# why Uber drivers get fewer Lyft pings



## Luberon (Nov 24, 2014)

Most Uber drivers also moonlight on Lyft and the number one complain is they rarely get Lyft pings.
No doubt Uber has more customers and more requests but there is a little known feature of Lyft driver app that may make those double dipping to have fewer Lyft calls.

Uber algorithm is simple, the closest driver (as estimated by the app) gets first dibs on requests so to get requests drivers try to get as close as possible to 'hot zones'.

Lyft works slightly different. The priority of who gets a ping is calculated based on both proximity and DURATION (how long the driver has been waiting since logging on or since completing previous ride)
The Lyft concept has been described as every car having a radius within which you will get pings. The longer you stay online, the wider the radius gets and the better your chances of getting a ping. 
This peculiarity of Lyft has several implications. First, if a dnver logs off Lyft app every time they get an Uber request they lose their spot on the virtual queue making it harder to get pings. Second, if you stay long enough with your app on you will get a very distant ping even if some other driver is closer to the pax.

One can also exploit this feature if you are working to reach a target for bonus or guarantee or simply want to reduce deadhead miles. Simply toggle the driver app on and of frequently and you will get fewer requests and most of these requests will be from fairly close by.
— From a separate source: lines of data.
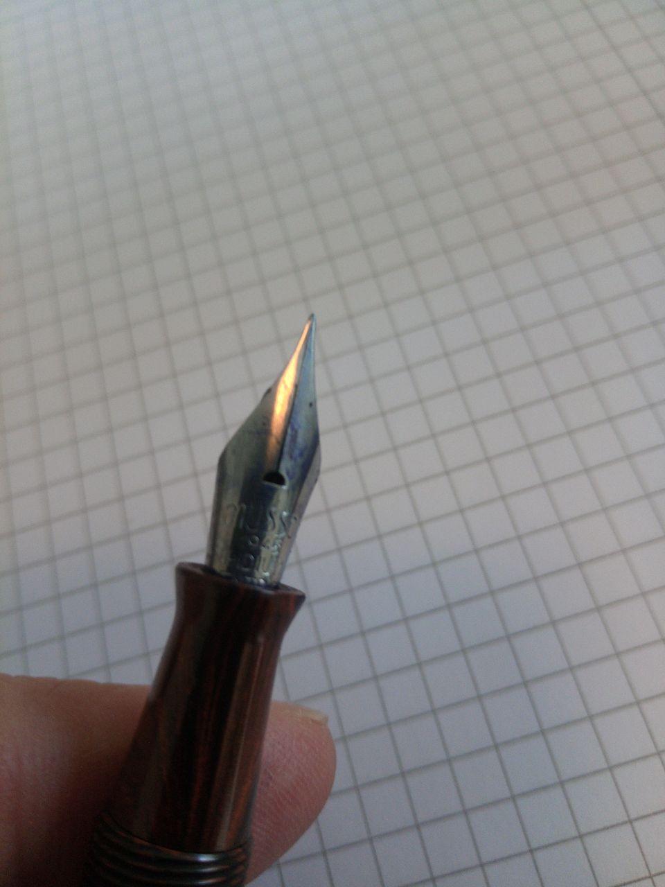Il pennino e' uno fatto fare (presumo, qui non ho trovato molto) dalla Musso Stilografiche, fu cartoleria storica a Torino, nel dopo guerra visto che riporta lo sbalzo "Musso 1945 Iridium Extra", l'unica altra cosa che sono riuscito a scoprire di questo pennino e' che ne fu fatta una versione d'oro credo a 18k e tutti e due i tipi sono molto flessibili.
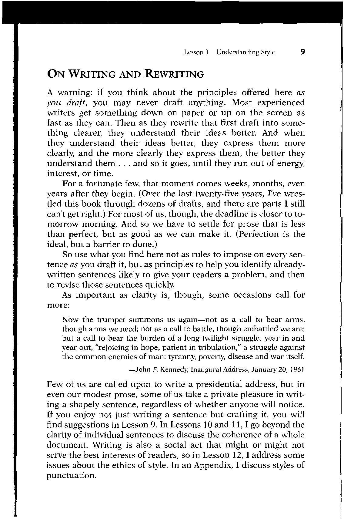 A warning: if you think about the principles offered here as you draft, you may never draft anything. Most experienced writers get something down on paper or up on the screen as fast as they can Then as they rewrite that first draft into something clearer, they understand their ideas better And when they understand their ideas better, they express them more clearly, and the more clearly they express them, the better they understand them . . . and so it goes, until they run out of energy, interest, or time.
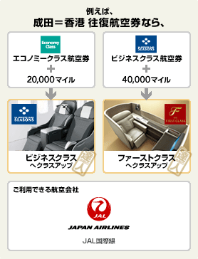 ためたマイルでご購入いただいた航空券よりひとつ上のクラスにご搭乗いただけます。
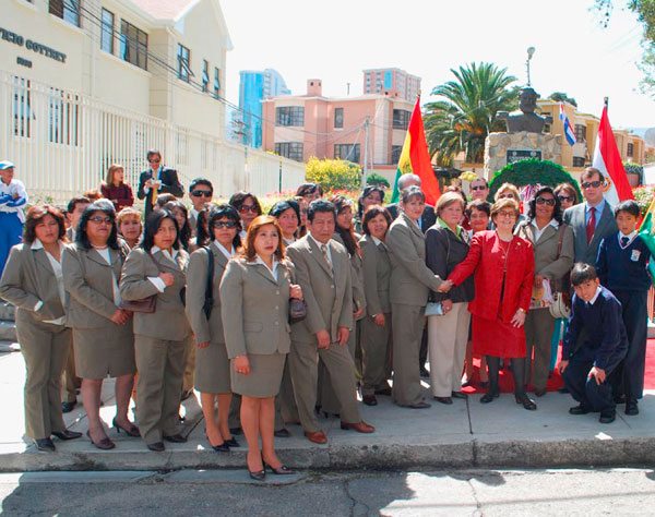 La ceremonia protocolar y la entrega de ofrendas florales se realizó ante el busto del Mcal. Francisco Solano López, en la zona de Calacoto, donde se dio cita la banda de la escolta Presidencial, integrada por los Colorados de Bolivia.
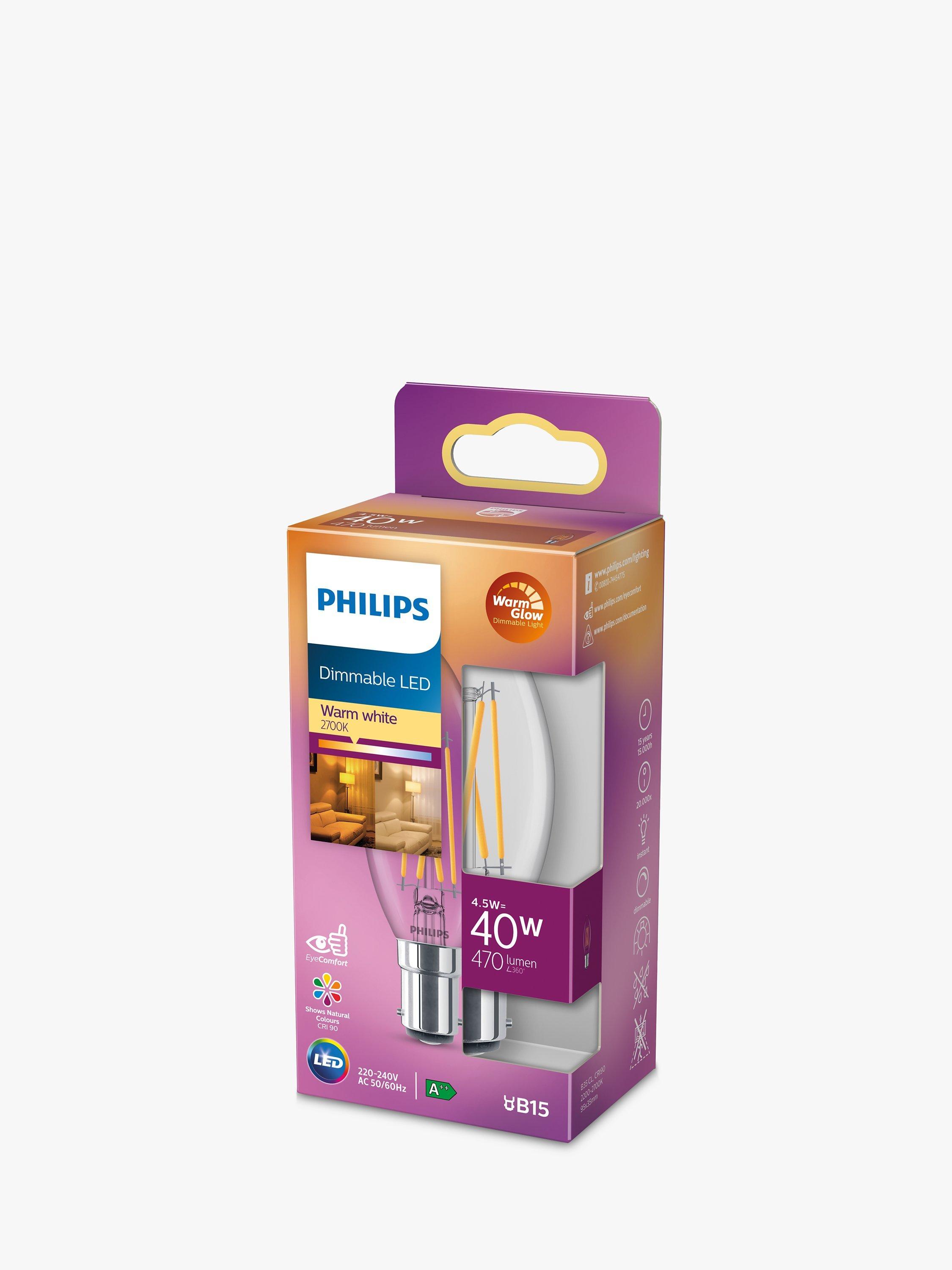 This fully dimmable LED bulb from Philips is an energy efficient option for your home. With an impressive lifetime of up to 15,000 hours, it has a bayonet cap (BC) fitting and offers natural shades of warm white light. Its 4.5W is equivalent to 40W.
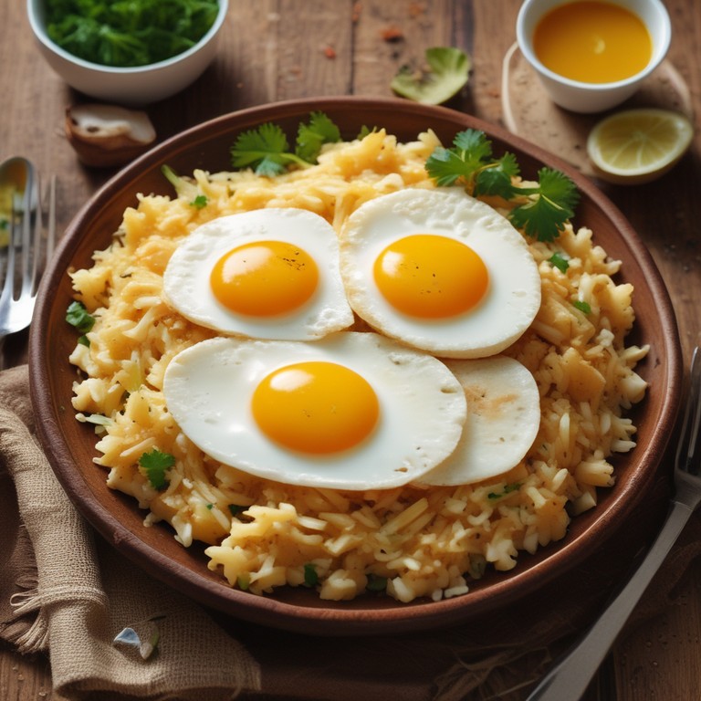 Un plato delicioso y reconfortante que combina arroz esponjoso, papas doradas y huevos, ideal para cualquier comida del día.
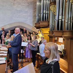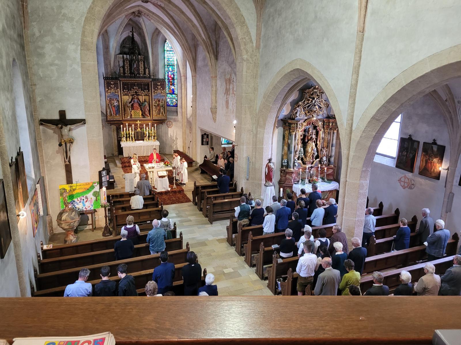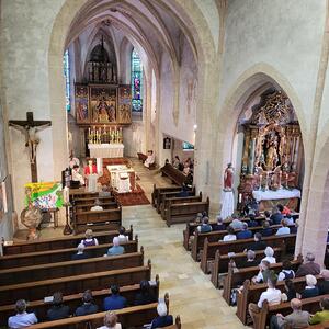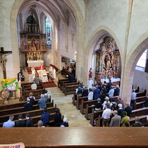 Das Patrozinium "Peter und Paul" wurde am Sonntag, den 2. Juli 2023 mit dem Festgottesdienst um 10 Uhr gefeiert. Der Kirchenchor begleitete die Liturgie mit schwungvollen Gesängen. Pfarrer Hofmann führte in der Predigt die Leistungen und die Bedeutung der Apostel Petrus und Paulus vor Augen. Die Bücherei feierte mit dem Bücherwurm den 35-jährigen Bestand (gegründet 1988) und Ernest Ulbrich berichtete zu den historischen Jubiläen "300 Jahre Kirchturmkuppel" und "100 Jahre Glocken" mit einer kurzen Ansprache.
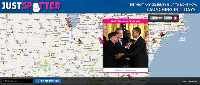 Trang web JustSpotted.com đã ra mắt từ tháng 10/2010 với một bản đồ trực tuyến thông báo về vị trí của người nổi tiếng theo thời gian thực dựa trên những cập nhật liên tục từ các trang Facebook và Twitter của các "sao."
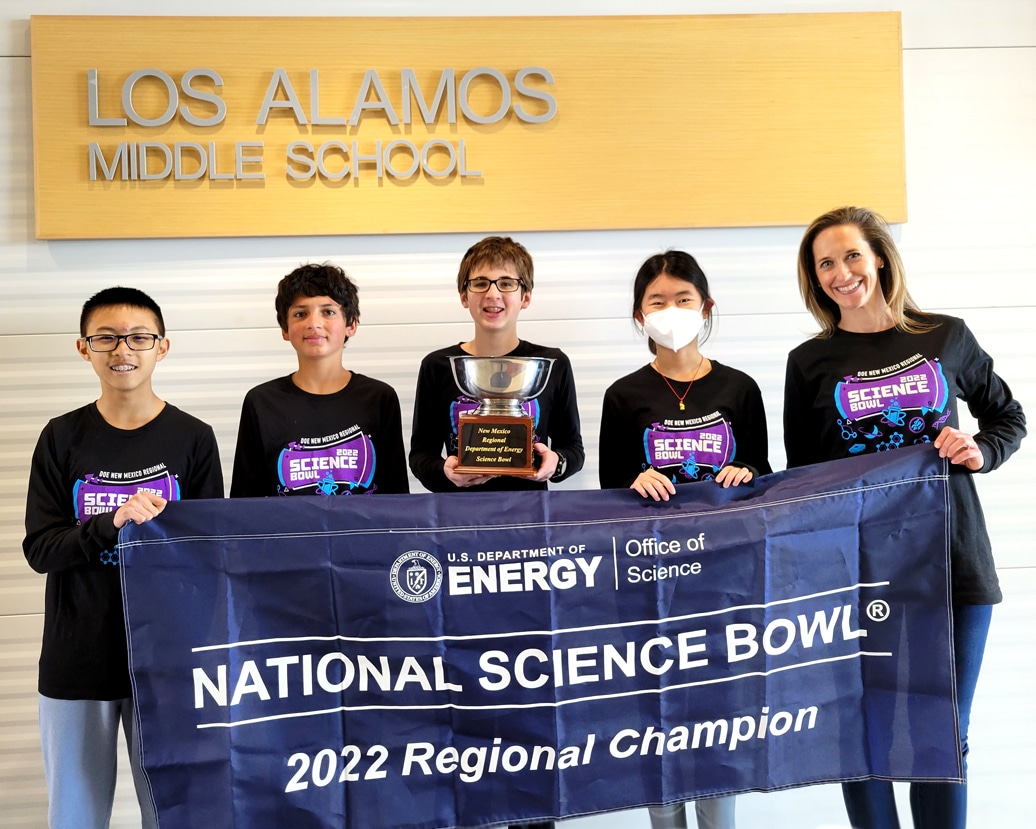 The Los Alamos Middle School Science Bowl Team of Andrew Bacrania, Jasper Carpenter, John Kang and Alyssa Sun won the regional Science Bowl and has advanced to the national level.
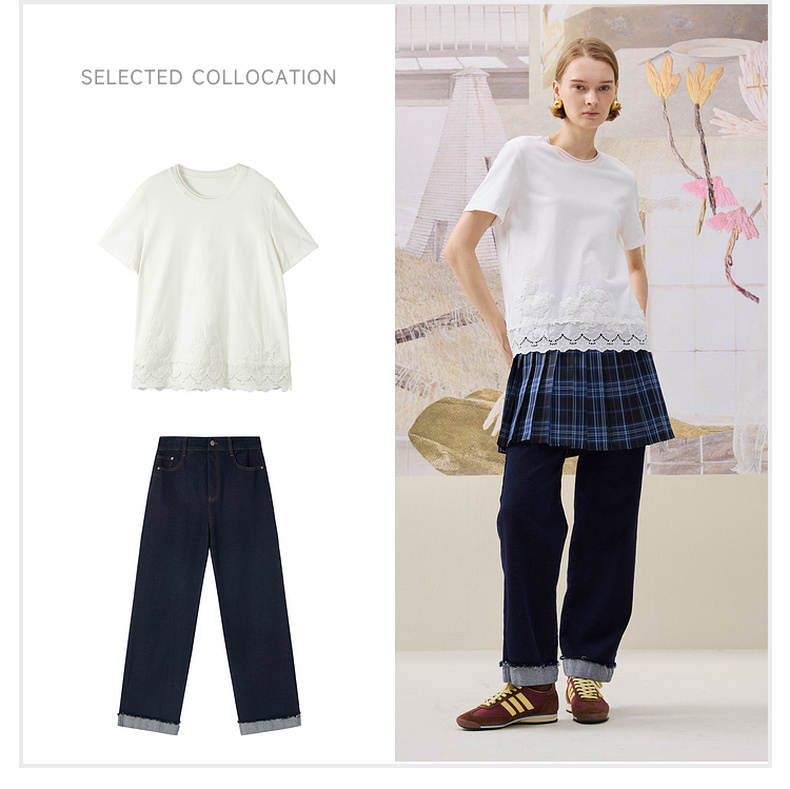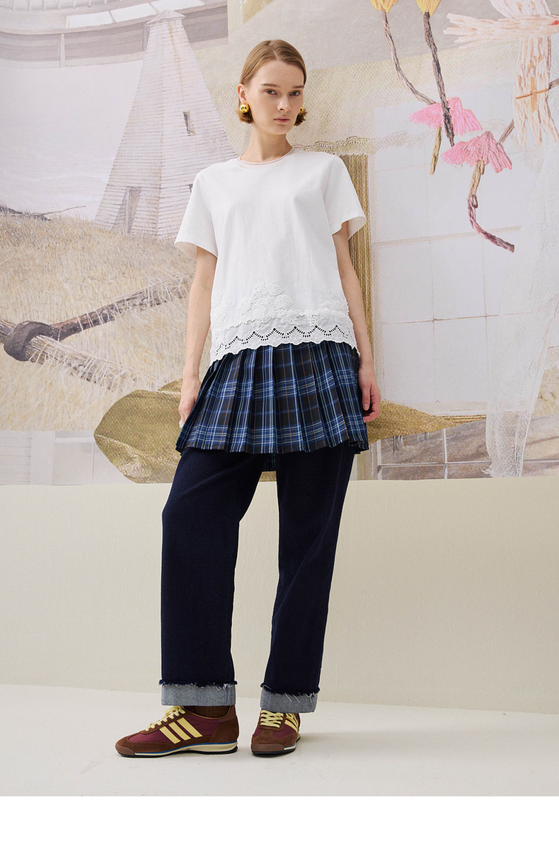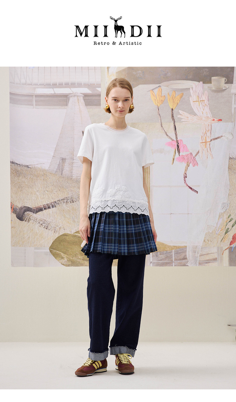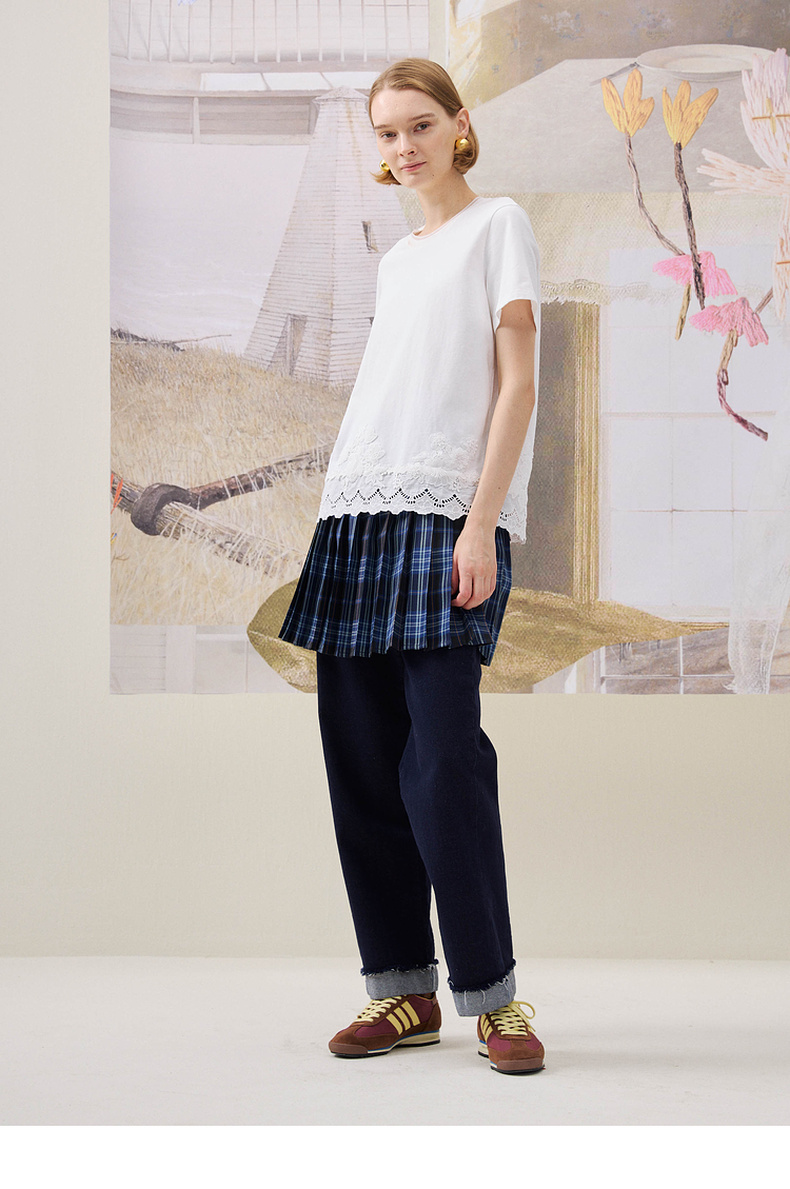 谜底简约T恤短袖2025年冬季新品纯棉亲肤下摆拼接蕾丝女254MT1723

Also, with Lyft you don't have to be a jackass at airport parking lots or near bars. You will still get a ping even if you decide to wait at a nearby coffee shop.
NB: I am unable to find the link to a blog that reported this phenomenon, but I have personally verified a number of tricks mentioned.
I will post the link when I find it.


----------



## focusman (Aug 20, 2014)

Thanks, I will be driving more for Lyft due to recent events...


----------



## McGillicutty (Jan 12, 2015)

My experience with Lyft generally fits the OP's description. I think it may be a little more complicated, or they may tweak it depending on the time of day because I have received pings from 20min away, seconds after going online. I am pretty sure my radius was not that large after just having logged on during peak hours or during guaranteed hours.


----------



## Luberon (Nov 24, 2014)

McGillicutty said:


> My experience with Lyft generally fits the OP's description. I think it may be a little more complicated, or they may tweak it depending on the time of day because I have received pings from 20min away, seconds after going online. I am pretty sure my radius was not that large after just having logged on during peak hours or during guaranteed hours.


Lyft surely has a more complex way of determining who gets a ping than simple proximity. Remember also Lyft has much fewer drivers too so you may be the closest driver over or even the only available driver at that rime


----------



## McGillicutty (Jan 12, 2015)

It's happened more than once. But yeah, I can't remember if I saw other cars when I went online. And we all know the cars we see on the app are all real


----------